#### Stored entries:
= Beginning of Section =
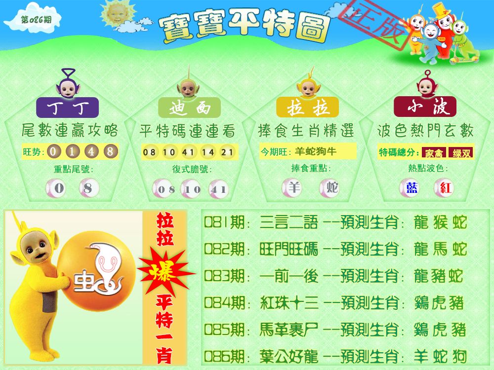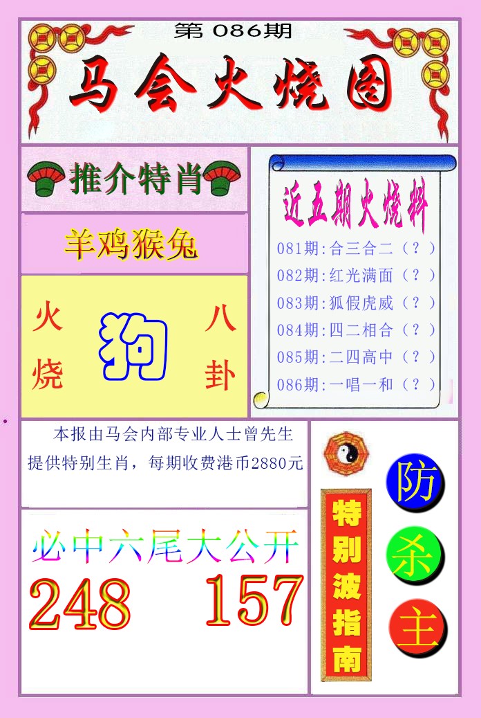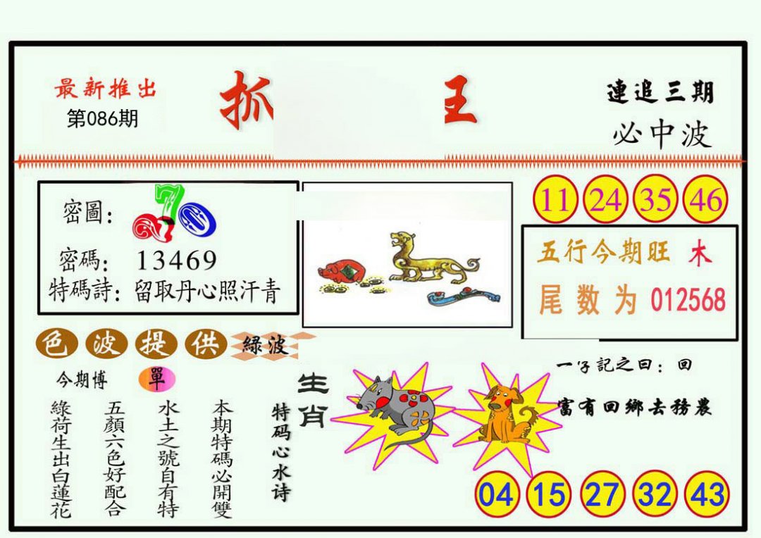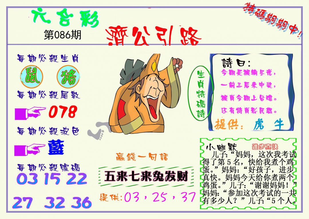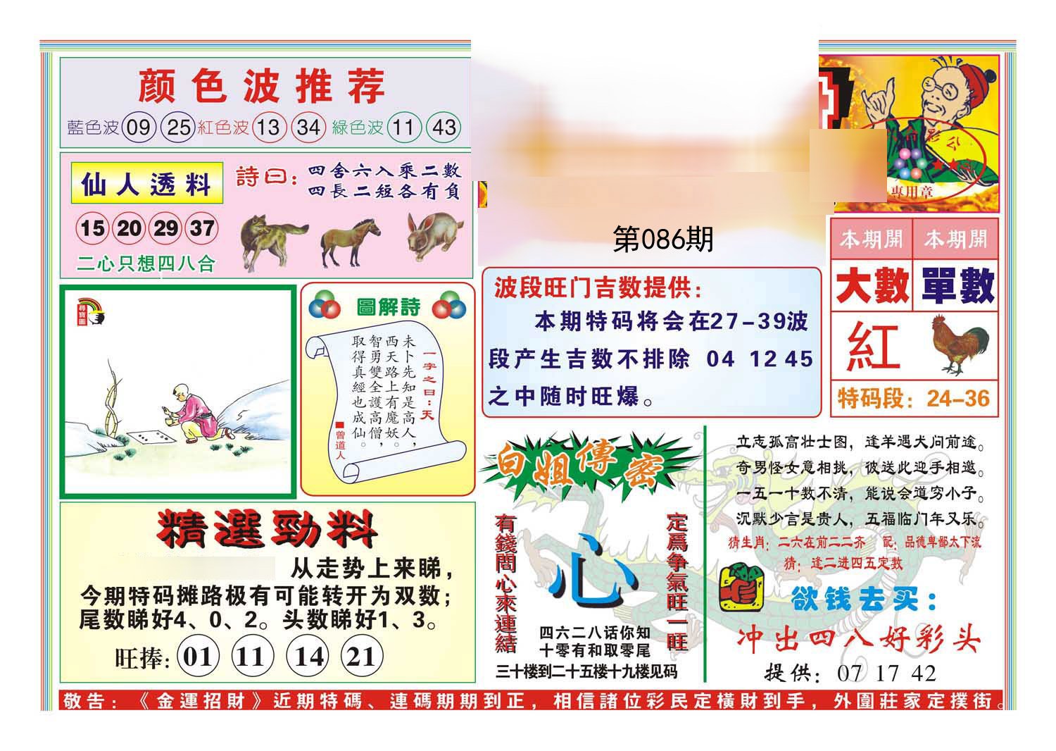 | 086期:《主攻:内幕规律平特肖:<龙>下50万》! | ||
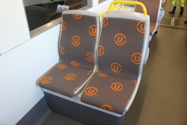 • Het stoelmotief. Er waren drie soorten stoel-motieven te zien, waaronder een voorzien van het logo van U-OV, een met een krachtige drukke oranje golfbeweging op de stof, en een matte grijze stoelzitting. Uit onze keuze kwam het logo naar voren omdat deze vrij rustig oogt.
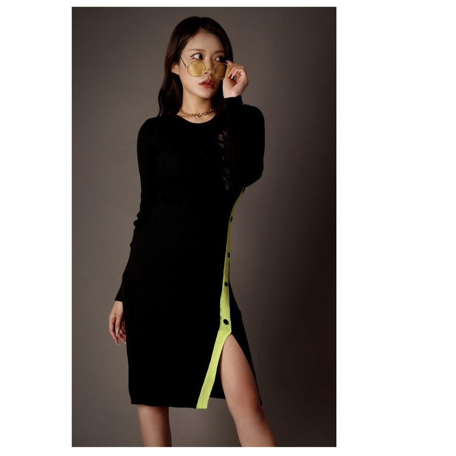 ☆ボタンデザインとサイドスリットが個性的な長袖ニットワンピース!
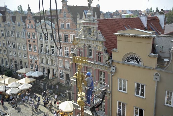 Mierzącą ok. 15 metrów i ważącą ok. 9 ton konstrukcję posadowiono na ratuszowej wieży przy pierwszym podejściu. "W tej chwili szczyt podczepiony jest jeszcze do dźwigu, który podtrzyma go do czasu przytwierdzenia konstrukcji do wieży" - powiedziała PAP Monika Kryger, rzeczniczka mającego swoją siedzibę w ratuszu Muzeum Historycznego Miasta Gdańska.
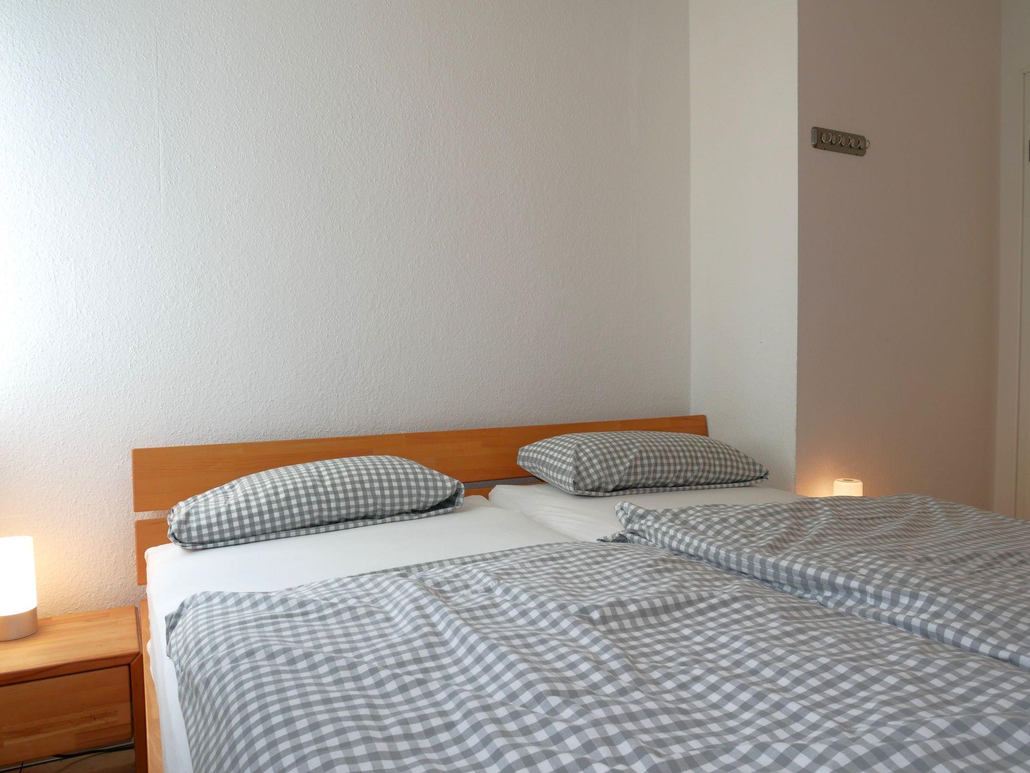 Die beiden Schlafzimmer sind jeweils mit einem Doppelbett ausgestattet. Zur Wohnung gehören zwei Bäder, die jeweils mit einer Dusche und einem Schminkspiegel ausgestattet sind. Ein Fön ist ebenfalls vorhanden.
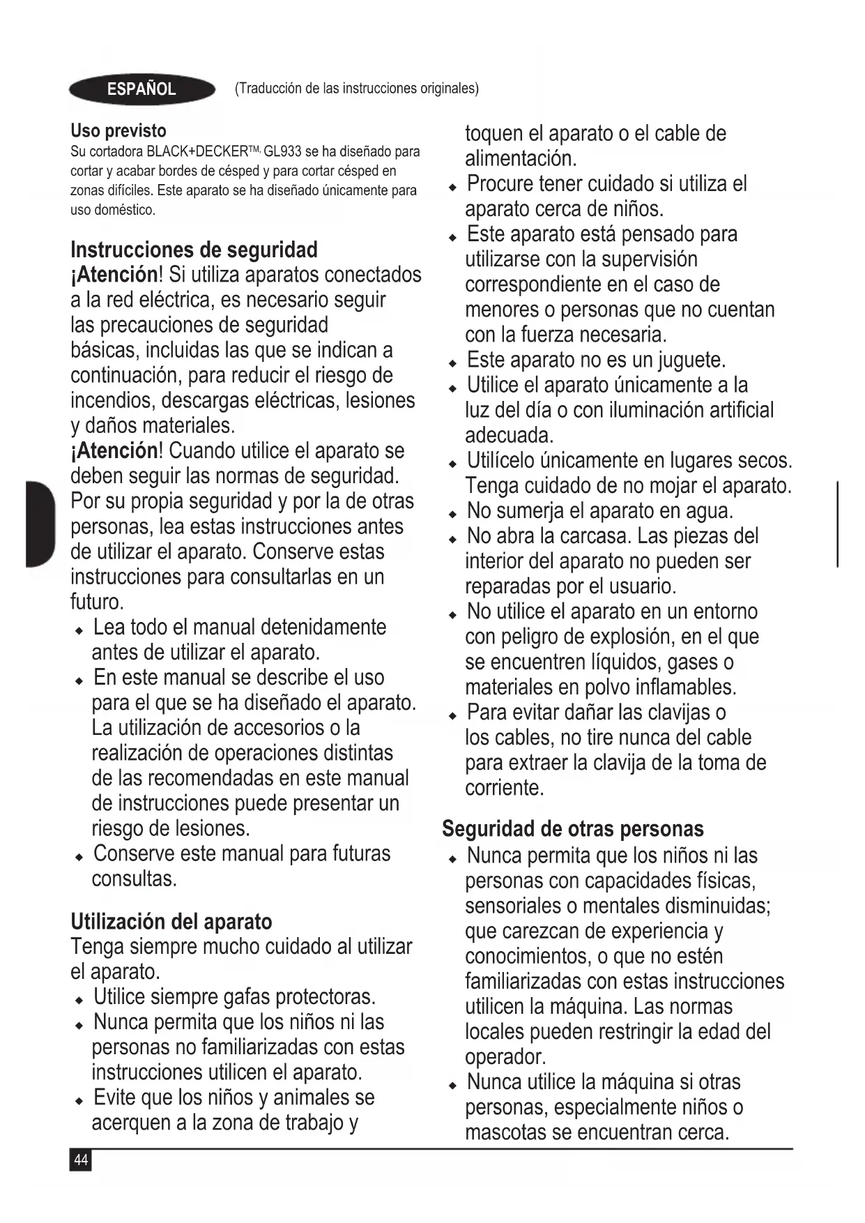 (gegarandeerd geluidsvermogen) 94 dB(A) onzekerheid (K) = 0.55 dB(A) Deze producten voldoen tevens aan richtlijn 2004/108/EG (tot 19/04/2016) 2014/30/EU (vanaf 20/04/2016) en 2011/65/EU. Neem voor meer informatie contact op met Black & Decker op het volgende adres of raadpleeg de achterzijde van de handleiding. Ondergetekende is verantwoordelijk voor de compilatie van het technische bestand en doet deze verklaring namens Black & Decker. R. Laverick Engineering Manager Black & Decker Europe, 210 Bath Road, Slough, Berkshire, SL1 3YD Verenigd Koninkrijk 08/08/2015 Garantie Black & Decker heeft vertrouwen in zijn producten en biedt consumenten een garantie van 24 maanden vanaf de aankoopdatum. Deze garantie vormt een aanvulling op uw wettelijke rechten en beperken deze niet. De garantie is geldig op het grondgebied van de Lidstaten van de Europese Unie en de Europese Vrijhandelszone. Voor een garantie-aanspraak moet uw aanspraak in overeenstemming zijn met de Voorwaarden en Condities van Black&Decker en moet u een bewijs van aankoop overleggen aan de verkoper of aan een geautoriseerde reparatiemonteur. Voorwaarden en condities van de 2-jarige garantie van Black&Decker en het adres van de vestiging van het geautoriseerde reparatiecentrum bij u in de buurt, kunt u vinden op internet op www.2helpU.com, of door contact op te nemen met het Black & Decker-kantoor ter plaatse, op het adres dat in deze handleiding wordt vermeld. Bezoek onze website www.blackanddecker.nl, waar u uw nieuwe Black & Decker-product kunt registreren en informatie kunt verkrijgen over nieuwe producten en speciale aanbiedingen.44 (Traducción de las instrucciones originales) ESPAÑOL Uso previsto Su cortadora BLACK+DECKER TM, GL933 se ha diseñado para cortar y acabar bordes de césped y para cortar césped en zonas difíciles. Este aparato se ha diseñado únicamente para uso doméstico. Instrucciones de seguridad ¡Atención! Si utiliza aparatos conectados a la red eléctrica, es necesario seguir las precauciones de seguridad básicas, incluidas las que se indican a continuación, para reducir el riesgo de incendios, descargas eléctricas, lesiones y daños materiales. ¡Atención! Cuando utilice el aparato se deben seguir las normas de seguridad. Por su propia seguridad y por la de otras personas, lea estas instrucciones antes de utilizar el aparato. Conserve estas instrucciones para consultarlas en un futuro. uLea todo el manual detenidamente antes de utilizar el aparato. uEn este manual se describe el uso para el que se ha diseñado el aparato. La utilización de accesorios o la realización de operaciones distintas de las recomendadas en este manual de instrucciones puede presentar un riesgo de lesiones. uConserve este manual para futuras consultas. Utilización del aparato Tenga siempre mucho cuidado al utilizar el aparato. uUtilice siempre gafas protectoras. uNunca permita que los niños ni las personas no familiarizadas con estas instrucciones utilicen el aparato. uEvite que los niños y animales se acerquen a la zona de trabajo y toquen el aparato o el cable de alimentación. uProcure tener cuidado si utiliza el aparato cerca de niños. uEste aparato está pensado para utilizarse con la supervisión correspondiente en el caso de menores o personas que no cuentan con la fuerza necesaria. uEste aparato no es un juguete. uUtilice el aparato únicamente a la luz del día o con iluminación articial adecuada. uUtilícelo únicamente en lugares secos. Tenga cuidado de no mojar el aparato. uNo sumerja el aparato en agua. uNo abra la carcasa. Las piezas del interior del aparato no pueden ser reparadas por el usuario. uNo utilice el aparato en un entorno con peligro de explosión, en el que se encuentren líquidos, gases o materiales en polvo inamables. uPara evitar dañar las clavijas o los cables, no tire nunca del cable para extraer la clavija de la toma de corriente. Seguridad de otras personas uNunca permita que los niños ni las personas con capacidades físicas, sensoriales o mentales disminuidas; que carezcan de experiencia y conocimientos, o que no estén familiarizadas con estas instrucciones utilicen la máquina. Las normas locales pueden restringir la edad del operador. uNunca utilice la máquina si otras personas, especialmente niños o mascotas se encuentran cerca.45 (Traducción de las instrucciones originales) ESPAÑOL Vibración El valor de emisión de vibraciones declarado en el apartado de características técnicas y en la declaración de conformidad se ha calculado según un método de prueba estándar proporcionado por la norma EN50636 y puede utilizarse para comparar una herramienta con otra. El valor de emisión de vibraciones especicado también podrá utilizarse en una evaluación preliminar de la exposición. ¡Atención! El valor de emisión de vibraciones durante el funcionamiento real de la herramienta eléctrica puede diferir del valor declarado en función de cómo se utilice dicha herramienta. El nivel de las vibraciones puede superar el indicado. Al evaluar la exposición a las vibraciones con el n de determinar las medidas de seguridad que exige la norma 2002/44/ CE para proteger a las personas que utilizan periódicamente herramientas eléctricas en el entorno laboral, deberá tenerse en cuenta una estimación de la exposición a las vibraciones, las condiciones de uso reales y el modo de empleo de la herramienta, así como los pasos del ciclo operativo como, por ejemplo, el número de veces que la herramienta se apaga, el tiempo que está parada y el tiempo de activación. Riesgos residuales El uso de esta herramienta puede producir riesgos residuales adicionales no incluidos en las advertencias de seguridad adjuntas. Estos riesgos se pueden generar por un uso incorrecto, demasiado prolongado, etc. El cumplimiento de las normas de seguridad correspondientes y el uso de dispositivos de seguridad no evitan ciertos riesgos residuales. Estos riesgos incluyen: uLesiones producidas por el co
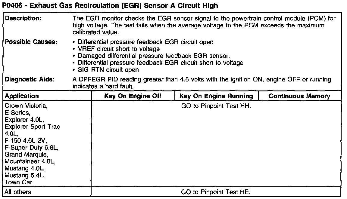 P0406 - Exhaust Gas Recirculation (EGR) Sensor A Circuit High:
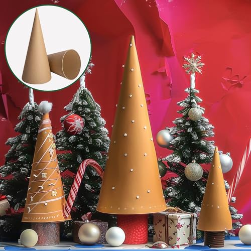 - What you get: You will receive 6/12/22 carefully crafted paper mache craft cones, which has sufficient quantities to meet your usage needs. Each cone is 9.8 ''/13.8''/5.8'' in height and 3.9"/5.2''/2.8'' in diameter at the bottom., Quality material: These cone sets are made of kraft paper, which has a certain thickness, hardness, and environmentally friendly. It will not be easily damaged in the process of using., Unlimited creativity: Our mache cones can be painted with pigment; or you can choose to wrap colored paper on the surface; or tie delicate ribbons and small objects. It will enhance the delicacy of the holiday decoration instantly, creating a unique decoration., Widely use: These paper cones add a happy atmosphere to your holiday, and also adorn your home with elaborate little decorations. Whether placed on the table or hanging from the Christmas tree, they will become a lightspot and show the warmth and romance of the festival., Warm times: Paper mache craft cones can be used for Christmas home decoration, school handicraft activities, party decoration. Adults can enjoying the fun of doing crafts and lefting warm memories.
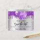 Un Save the Date femenino y moderno para una fiesta de cumpleaños de 18 años (o cualquier edad). Un fondo con apariencia de plata falsa decorado con purpurina y globos morados falsos. Personalice y agregue una fecha y nombre/edad. El texto: Save the Date está escrito con un estilo de letra manuscrita grande y de moda.
= End of Section =
#### Aim of the exercise:
Treating the line with "Die beiden Schlafzimmer" as the last line to include, retype the records exactly from their first line, excluding pictures.

#### Task answer:
 | 086期:《主攻:内幕规律平特肖:<龙>下50万》! | ||
 • Het stoelmotief. Er waren drie soorten stoel-motieven te zien, waaronder een voorzien van het logo van U-OV, een met een krachtige drukke oranje golfbeweging op de stof, en een matte grijze stoelzitting. Uit onze keuze kwam het logo naar voren omdat deze vrij rustig oogt.
 ☆ボタンデザインとサイドスリットが個性的な長袖ニットワンピース!
 Mierzącą ok. 15 metrów i ważącą ok. 9 ton konstrukcję posadowiono na ratuszowej wieży przy pierwszym podejściu. "W tej chwili szczyt podczepiony jest jeszcze do dźwigu, który podtrzyma go do czasu przytwierdzenia konstrukcji do wieży" - powiedziała PAP Monika Kryger, rzeczniczka mającego swoją siedzibę w ratuszu Muzeum Historycznego Miasta Gdańska.
 Die beiden Schlafzimmer sind jeweils mit einem Doppelbett ausgestattet. Zur Wohnung gehören zwei Bäder, die jeweils mit einer Dusche und einem Schminkspiegel ausgestattet sind. Ein Fön ist ebenfalls vorhanden.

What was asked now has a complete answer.